DETAILED DESCRIPTION OF THE INVENTION

[0001]

BACKGROUND OF THE INVENTION 1. Field of the Invention The present invention relates to a hot or cold work roll provided with a work roll capable of controlling the crown and shape of a plate as a material to be rolled with high accuracy in hot or cold rolling of a steel plate or the like. The present invention relates to a cold rolling mill and a rolling method.
Hereinafter, the work roll will be mainly described, but the principle of the present invention can also be applied to an intermediate roll.
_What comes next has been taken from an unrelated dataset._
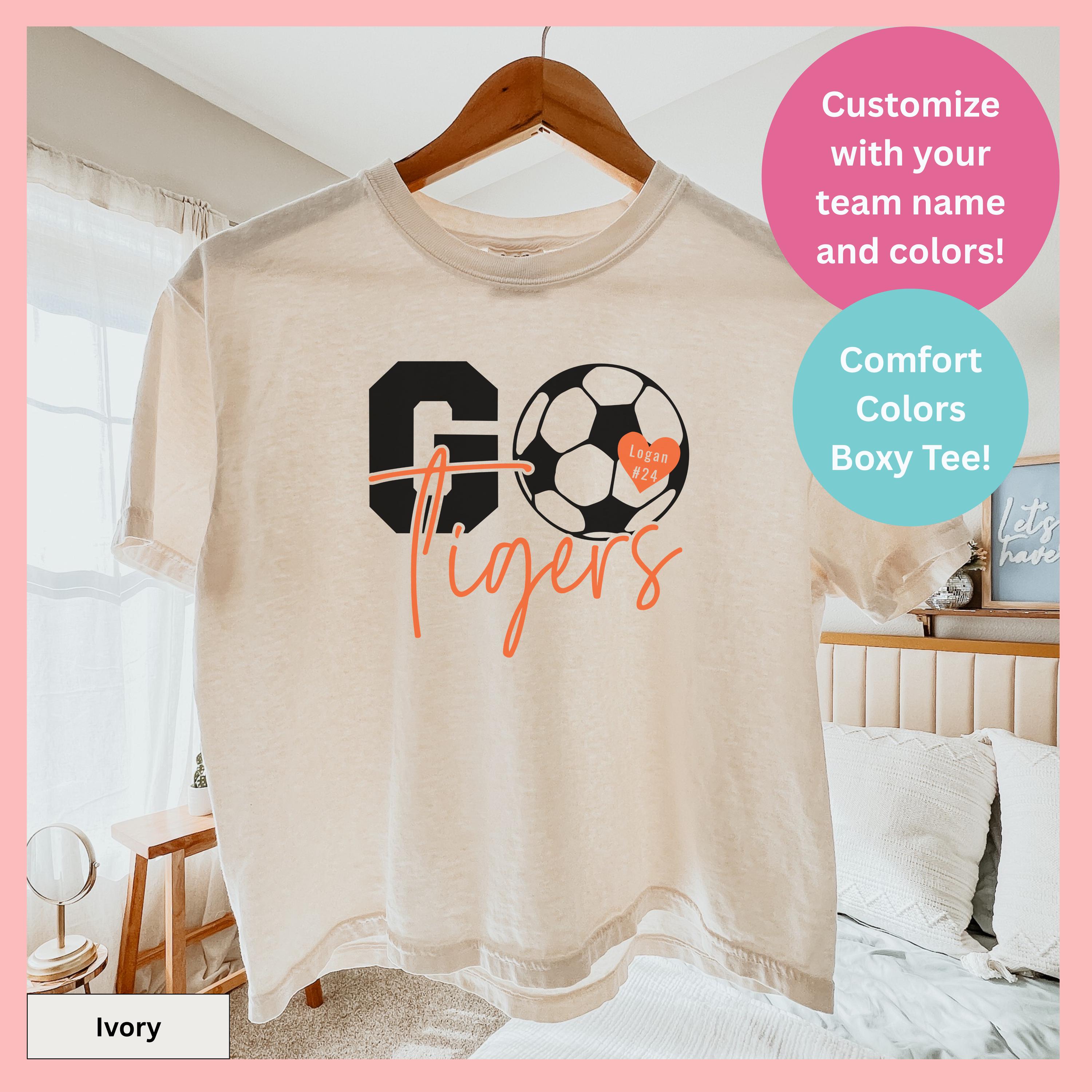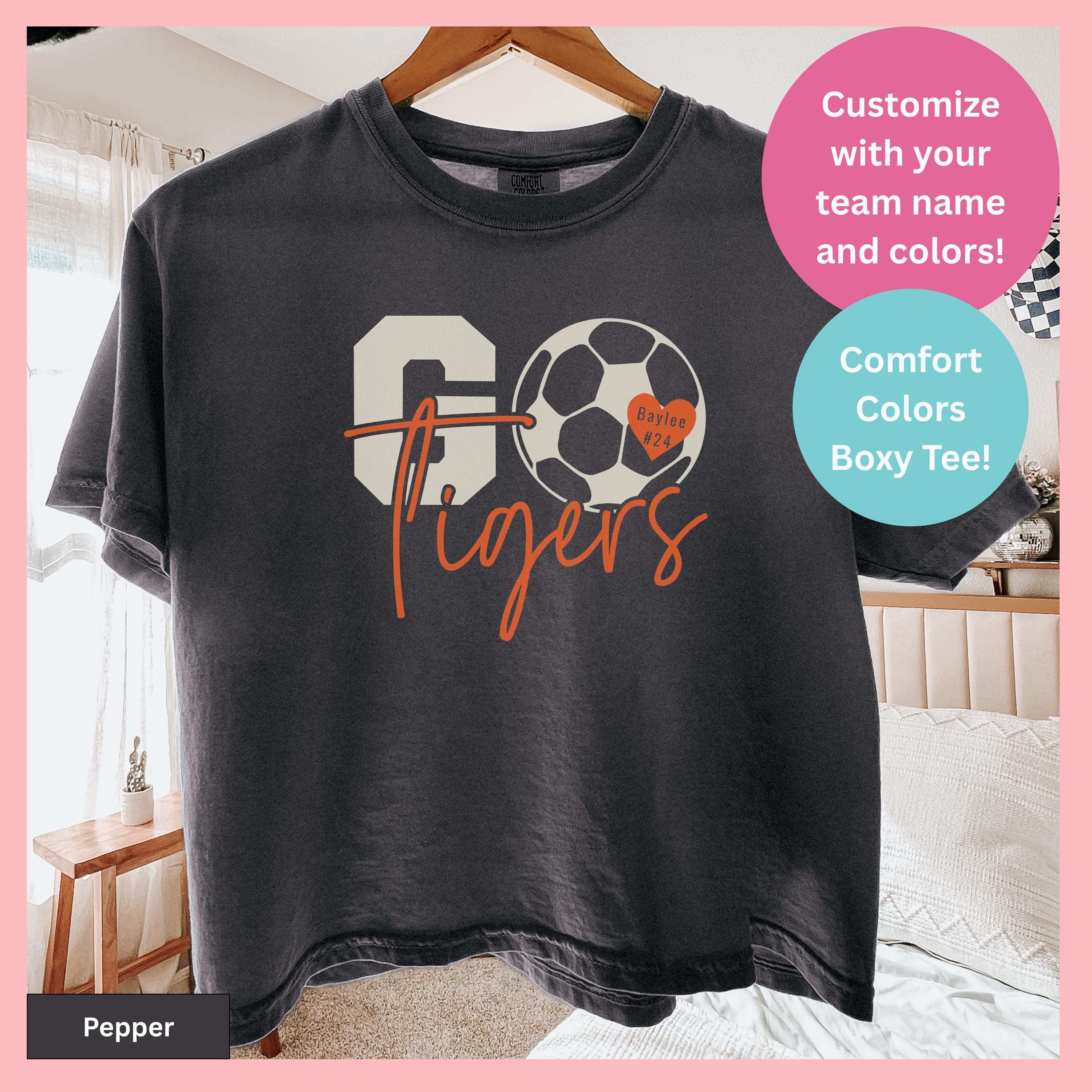 Customizable soccer t-shirt printed on high-quality Comfort Colors brand fabric

That is,
In a four-high rolling mill, the principle of the present invention can be applied to the work roll, but in a six-high rolling mill, the principle can be applied to the work roll and the intermediate roll.

[0002]

2. Description of the Related Art In rolling a steel sheet or the like, as a method for controlling the thickness distribution (sheet crown) and the shape in the width direction of the steel sheet with high accuracy, a method of giving a crown of various shapes to a work roll, A method of moving in the axial direction, a method of crossing work rolls with each other, a method of adding roll bending, and the like are widely practiced.
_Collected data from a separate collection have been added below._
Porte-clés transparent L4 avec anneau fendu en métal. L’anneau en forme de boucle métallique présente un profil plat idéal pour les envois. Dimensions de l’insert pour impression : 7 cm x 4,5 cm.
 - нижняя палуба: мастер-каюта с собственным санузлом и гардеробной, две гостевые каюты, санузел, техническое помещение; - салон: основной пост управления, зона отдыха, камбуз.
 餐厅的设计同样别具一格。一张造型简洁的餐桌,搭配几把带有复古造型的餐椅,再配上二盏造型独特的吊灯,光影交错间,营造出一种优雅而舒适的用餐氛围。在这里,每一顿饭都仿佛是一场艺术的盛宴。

[0003] Among them, a method of controlling a plate thickness and a shape by moving a work roll in an axial direction is disclosed in Japanese Patent Application Laid-Open No.
As disclosed in JP-A-91807, a so-called CVC type work roll in which a bottle-shaped roll crown is provided to each of upper and lower work rolls or an intermediate roll so as to be point-symmetric with respect to the center of the rolling mill. There has been proposed a method of controlling a sheet crown and a shape of a material to be rolled by using the method.

In this method, by combining with a roll bending mechanism, the ability to control the sheet crown and shape with a small amount of roll movement is enhanced. JP-A-63-
Japanese Patent Application Publication No. 20106, Japanese Patent Application Laid-Open No. Hei 5-177218, and the like, disclose a roll crown function form having a high shape control ability.

In the CVC type work roll,
The roll crown of the entire roll body length is given by one type of function (a cubic expression, a combination of a cubic expression and a quadratic expression, a sine function, etc.).

[0006] For this reason, if an attempt is made to increase the amount of change in roll diameter per unit roll width in the roll width direction, that is, the rate of change in roll diameter, the roll diameter near the end of the roll may be extremely increased. Increased contact pressure can cause local roll damage.

Therefore, it is difficult to increase the change of the upper and lower roll gaps in the roll width direction, and there is a limit to the reduction of the sheet crown and the improvement of the shape accuracy. Here, the plate crown is the difference between the center thickness and the end thickness of the plate width.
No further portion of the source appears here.